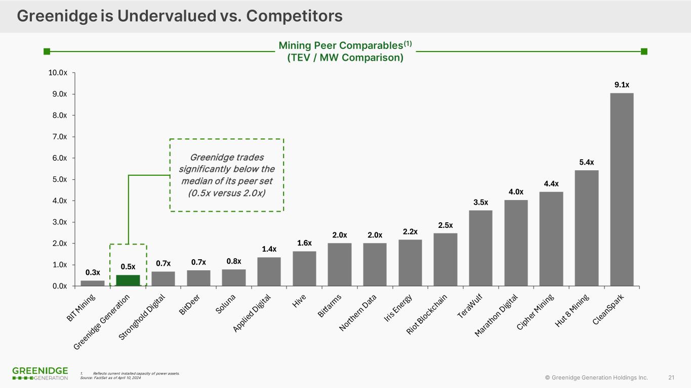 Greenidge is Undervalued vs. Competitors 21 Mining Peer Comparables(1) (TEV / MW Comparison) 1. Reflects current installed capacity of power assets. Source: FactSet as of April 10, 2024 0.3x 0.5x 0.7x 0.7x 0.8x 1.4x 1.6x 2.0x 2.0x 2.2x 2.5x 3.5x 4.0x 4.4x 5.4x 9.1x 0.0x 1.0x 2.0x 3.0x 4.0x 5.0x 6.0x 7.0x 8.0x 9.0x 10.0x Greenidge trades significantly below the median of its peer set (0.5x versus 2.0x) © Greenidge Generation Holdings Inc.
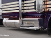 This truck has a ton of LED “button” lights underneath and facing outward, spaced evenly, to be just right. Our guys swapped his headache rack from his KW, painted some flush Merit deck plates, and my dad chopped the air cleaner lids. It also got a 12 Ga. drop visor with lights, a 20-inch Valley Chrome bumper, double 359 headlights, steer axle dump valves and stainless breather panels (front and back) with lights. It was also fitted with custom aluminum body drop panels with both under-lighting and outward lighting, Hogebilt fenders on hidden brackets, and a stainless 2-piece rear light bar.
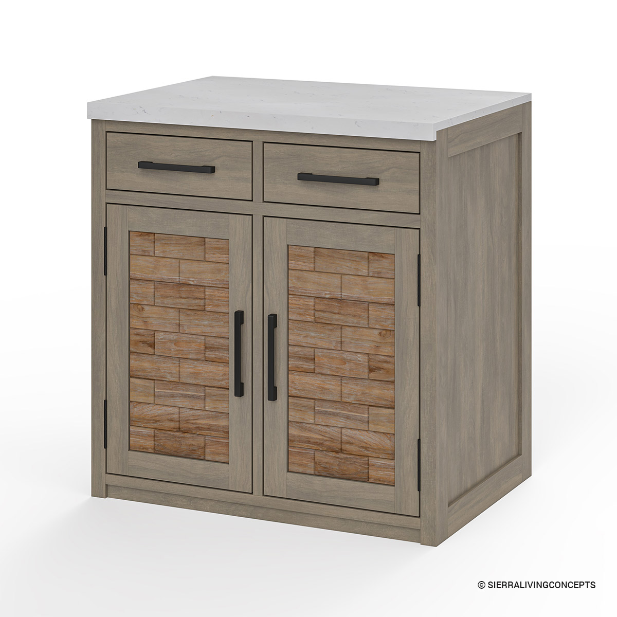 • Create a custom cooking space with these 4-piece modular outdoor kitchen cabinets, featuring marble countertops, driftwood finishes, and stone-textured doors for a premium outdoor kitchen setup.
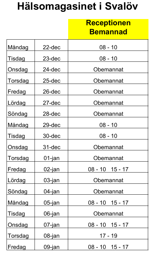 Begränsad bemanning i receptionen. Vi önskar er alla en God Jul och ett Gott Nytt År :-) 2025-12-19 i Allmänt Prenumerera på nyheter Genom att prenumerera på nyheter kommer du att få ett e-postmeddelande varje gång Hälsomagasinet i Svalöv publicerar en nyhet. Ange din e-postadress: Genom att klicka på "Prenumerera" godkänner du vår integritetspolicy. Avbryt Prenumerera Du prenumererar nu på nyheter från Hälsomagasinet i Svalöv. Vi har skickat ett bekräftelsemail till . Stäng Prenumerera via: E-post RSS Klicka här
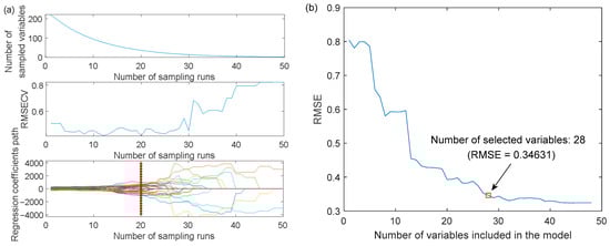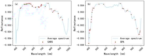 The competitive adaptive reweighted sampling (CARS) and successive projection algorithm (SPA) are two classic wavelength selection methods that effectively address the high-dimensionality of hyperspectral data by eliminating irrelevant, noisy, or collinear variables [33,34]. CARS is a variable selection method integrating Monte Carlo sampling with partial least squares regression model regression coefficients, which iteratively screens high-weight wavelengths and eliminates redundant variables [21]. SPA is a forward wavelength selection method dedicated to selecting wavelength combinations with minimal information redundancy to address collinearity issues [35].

--

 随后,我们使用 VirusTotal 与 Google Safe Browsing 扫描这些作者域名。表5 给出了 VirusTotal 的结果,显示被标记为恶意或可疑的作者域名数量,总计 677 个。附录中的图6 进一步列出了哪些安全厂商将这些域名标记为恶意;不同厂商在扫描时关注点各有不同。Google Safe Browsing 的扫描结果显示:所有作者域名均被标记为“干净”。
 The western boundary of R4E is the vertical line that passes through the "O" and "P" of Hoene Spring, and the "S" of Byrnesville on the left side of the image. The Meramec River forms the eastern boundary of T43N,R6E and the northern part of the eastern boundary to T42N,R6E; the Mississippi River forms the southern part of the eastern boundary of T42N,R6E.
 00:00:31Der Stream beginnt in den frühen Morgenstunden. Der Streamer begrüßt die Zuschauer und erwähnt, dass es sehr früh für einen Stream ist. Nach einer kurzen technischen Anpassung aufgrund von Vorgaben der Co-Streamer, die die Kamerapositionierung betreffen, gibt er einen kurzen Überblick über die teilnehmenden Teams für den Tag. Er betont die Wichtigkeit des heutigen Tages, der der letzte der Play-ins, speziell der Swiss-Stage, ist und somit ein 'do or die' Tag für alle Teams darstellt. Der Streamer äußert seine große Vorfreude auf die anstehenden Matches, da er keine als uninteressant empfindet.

**WHAT THE EXERCISE ASKS:**
Keep to the lines above from the line with "Greenidge is Undervalued" to the line with "outdoor kitchen setup.", and set down exactly those, inclusive, with nothing else and every picture left out.

**OUTPUT BELOW:**
 Greenidge is Undervalued vs. Competitors 21 Mining Peer Comparables(1) (TEV / MW Comparison) 1. Reflects current installed capacity of power assets. Source: FactSet as of April 10, 2024 0.3x 0.5x 0.7x 0.7x 0.8x 1.4x 1.6x 2.0x 2.0x 2.2x 2.5x 3.5x 4.0x 4.4x 5.4x 9.1x 0.0x 1.0x 2.0x 3.0x 4.0x 5.0x 6.0x 7.0x 8.0x 9.0x 10.0x Greenidge trades significantly below the median of its peer set (0.5x versus 2.0x) © Greenidge Generation Holdings Inc.
 This truck has a ton of LED “button” lights underneath and facing outward, spaced evenly, to be just right. Our guys swapped his headache rack from his KW, painted some flush Merit deck plates, and my dad chopped the air cleaner lids. It also got a 12 Ga. drop visor with lights, a 20-inch Valley Chrome bumper, double 359 headlights, steer axle dump valves and stainless breather panels (front and back) with lights. It was also fitted with custom aluminum body drop panels with both under-lighting and outward lighting, Hogebilt fenders on hidden brackets, and a stainless 2-piece rear light bar.
 • Create a custom cooking space with these 4-piece modular outdoor kitchen cabinets, featuring marble countertops, driftwood finishes, and stone-textured doors for a premium outdoor kitchen setup.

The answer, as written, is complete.